Heroine(16)



But those few, horrific seconds are balanced against hours of good times sitting this same way—me driving, her giving me shit from the passenger seat. So it doesn’t take long before we’re good again, her music filling the car, both of us talking over it.

“Not to be all your mom on you or anything, but how is being back at school?” she asks.

“School sucks,” I tell her honestly. “But being in the weight room did me good.”

“It definitely did Lydia some good.”

“Shut your face,” I say. “I’m not into her. Straight girls can be awesome at softball.”

“Uh, duh,” Carolina shoots back. “You’re talking to a straight girl with a free ride.”

“You mean on Aaron or to college?”

“It’s all free,” she says, laughing. I’m behind her just a tick, laughing because I’m supposed to. We’d both agreed a long time ago that having sex wasn’t worth the risk, having seen too many great athletes become mothers, their sports career sidelined while the father carried on uninterrupted. But those conversations were before Aaron, and before this new awkwardness, where I feel like I can’t flat out ask her if they’re doing it.

I drop her off and she hauls her bag out of the back, pulling it onto her good shoulder. It’s below freezing, ice falling from the sky. She winces as a pellet hits her in the face.

“You use those crutches going inside back at your place, you hear me? I see you putting more weight on that leg than you’re supposed to.” She gives me a stern look, and I do my best to look innocent.

“Only toe touch to the ground. I swear.”

“I’m calling bullshit on that,” she says.

She’s right and she knows it. I’ve been straightening my knee, trying out a little weight on my heel when I think the Oxy will let me get away with it. If I can shave one week off my recovery time—one week—I can be ready for conditioning.

Carolina stays by my car despite the ice, teeth gnawing her bottom lip in indecision. “I’m not going to ask you how you’re feeling because you’re just going to tell me you’re fine,” she says. “But I saw what you were benching. Don’t overdo it, okay?”

“I’m not fine,” I tell her. “I’m awesome.”

And right now, it’s true.





Chapter Twelve


understand: to apprehend the meaning or intention of; to have knowledge of; to comprehend; to know; to have sympathy for “Mickey Catalan, I’ll be damned.”

“Hey, Big Ed,” I say, holding the door of the local market open with one crutch while I swing myself through. Ed stays behind the lunch counter, not offering to help or fussing over me one bit, exactly like he knows I want. Instead, he makes my Monday morning coffee like there hasn’t been a month break between this one and the last one.

It’s shit coffee, which is why Ed stopped asking me to pay him for it, and it’s not why I come every week, anyway. I’m here because Ed can talk sports—any sport—better than anyone I know. He puts the coffee in front of me as I settle onto a stool at the lunch counter.

“You hear about the Griffith girl?”

I sip my coffee, letting the familiarity of bad coffee and Ed’s terrible story introductions settle over me.

“She’s the shortstop from Left Bank, isn’t she?”

“Yep,” Ed confirms, then rounds his arms out in front of his belly.

“Huh, I thought she was smarter than that,” I say.

“Smart tends to go out the door when sex is involved,” Ed says, pulling his own stool underneath him on the other side of the counter.

“Yep,” I say, reminding myself that I need to have a conversation with Carolina, whether it’s awkward or not. “So what else is new?”

“Haven’t seen you in a while, let me think.” Ed sighs, pushing his ball cap up to scratch his balding spot. “The big kid from Baylor Springs, basketball player . . . what’s his name?”

“Luther Drake,” I tell him.

“Yeah, the Drake kid. He shattered the backboard over at West Union last weekend, so they’ve got to play in the junior-high gym till it’s fixed.”

“Screw them anyway,” I say, having harbored a resentment ever since their point guard broke Lydia’s nose in an intentional foul.

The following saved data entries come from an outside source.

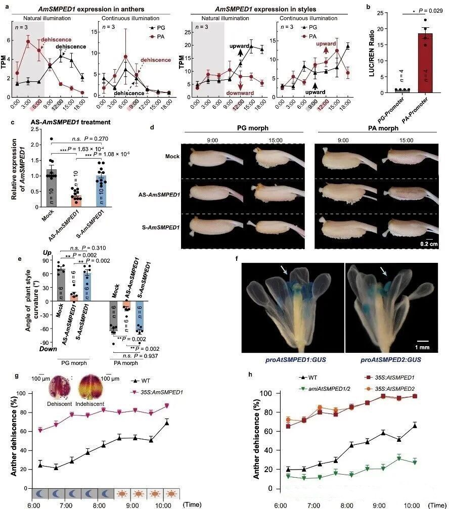在功能验证方面,通过瞬时抑制实验,研究团队发现下调该基因表达后,花柱的节律性运动完全停止;从模式植物验证方面,研究人员将该基因导入拟南芥,它可使花药提前数小时开裂,从而证明其直接调控雄蕊的成熟时间。
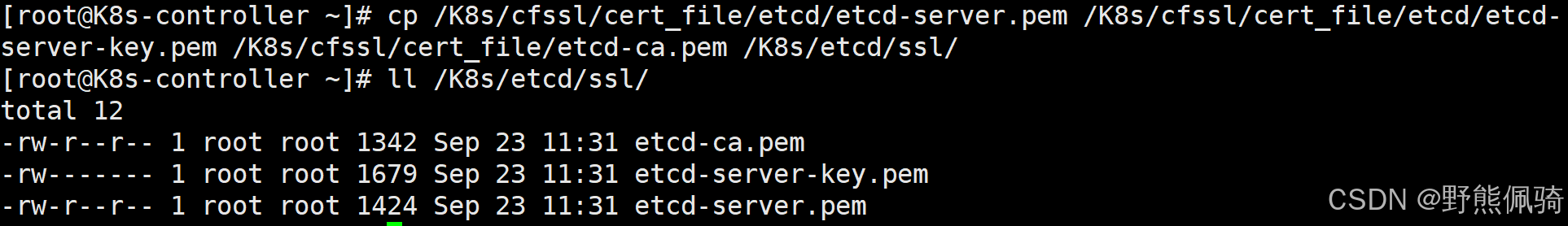 [root@K8s-controller ~]# cp /K8s/cfssl/cert_file/etcd/etcd-server.pem /K8s/cfssl/cert_file/etcd/etcd-server-key.pem /K8s/cfssl/cert_file/etcd-ca.pem /K8s/etcd/ssl/
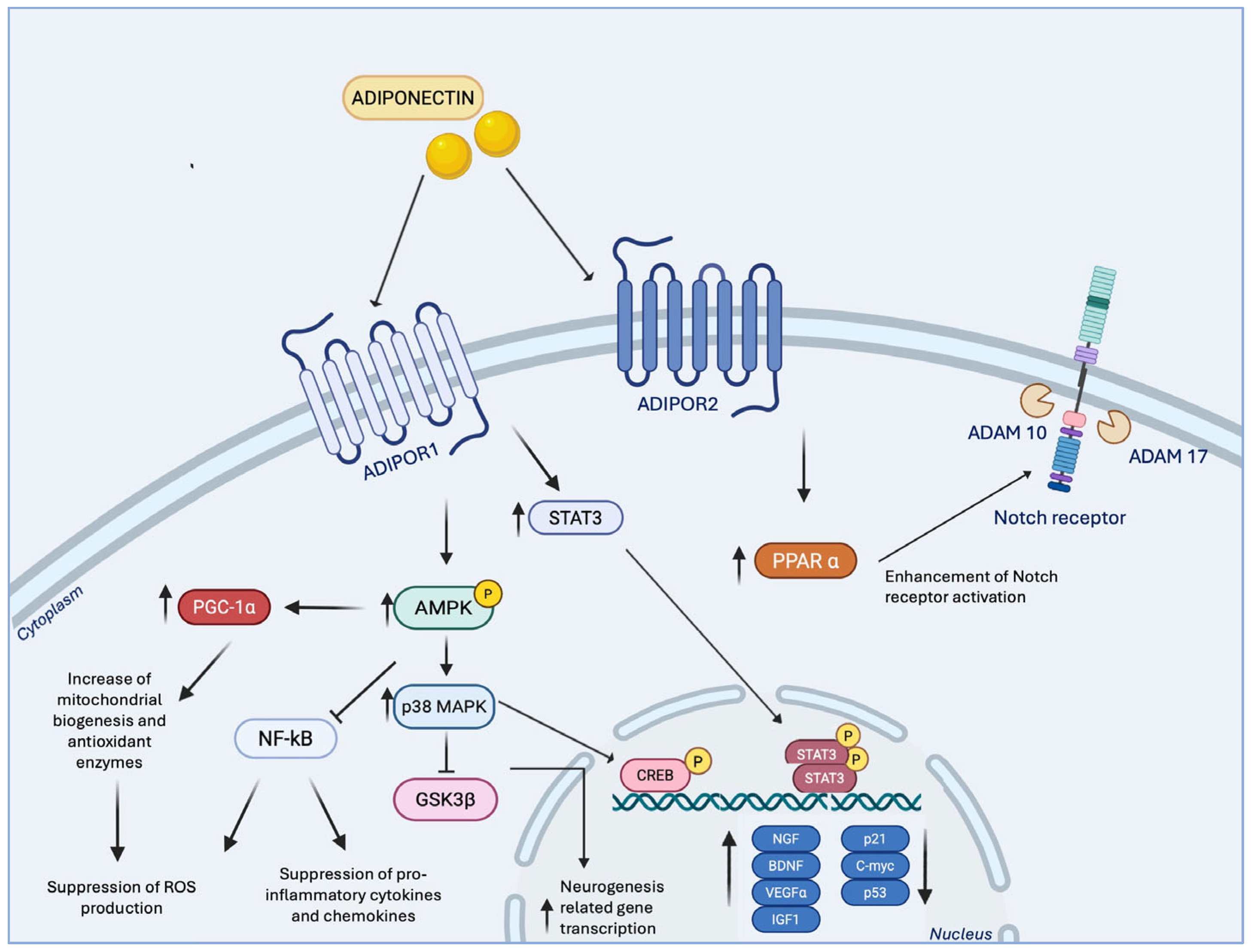 Taken together, these findings highlight that beyond its established role in metabolic regulation, adiponectin is a central mediator of neuroplastic processes. By translating external beneficial stimuli, such as physical activity, into enhanced hippocampal plasticity, resilience to stress, and improved cognitive and emotional function, adiponectin orchestrates multiple intersecting signalling pathways—including AMPK, BDNF, and Notch. These pathways do not act in isolation; rather, they dynamically interact to stimulate neurogenesis while safeguarding neuronal integrity against stress and inflammatory damage. This sophisticated profile positions adiponectin as a promising molecular bridge between lifestyle factors and brain health, with potential therapeutic relevance for neuropsychiatric disorders.

“Yep,” Ed agrees. We both sip our coffee, and I hear the squawk of a scanner from the back room.

“Why do old people like those so much?” I ask him.

“Well, I’ll tell you,” he says, fishing a day-old doughnut out of the glass case and putting it in front of me. “It’s our version of you kids with your phones and your head book.”

“Facebook, Ed.”

“I’m proud to not know that. Now eat your doughnut, looks like you could use it.”

It’s the most he’s going to say about my injury, about the thinness of my arms and legs, the absence of muscle. My varsity jacket feels big on me, my shoulders no longer filling it out. I take a bite of doughnut. It’s awful.

“I don’t know how much healing properties this has, Ed.”

“Healing is you just being here, talking,” he says.

I hear the scanner again, and I wonder if he was listening the night of the accident, if he heard the details of how my leg had been separated from my body, my blood strewn across snow.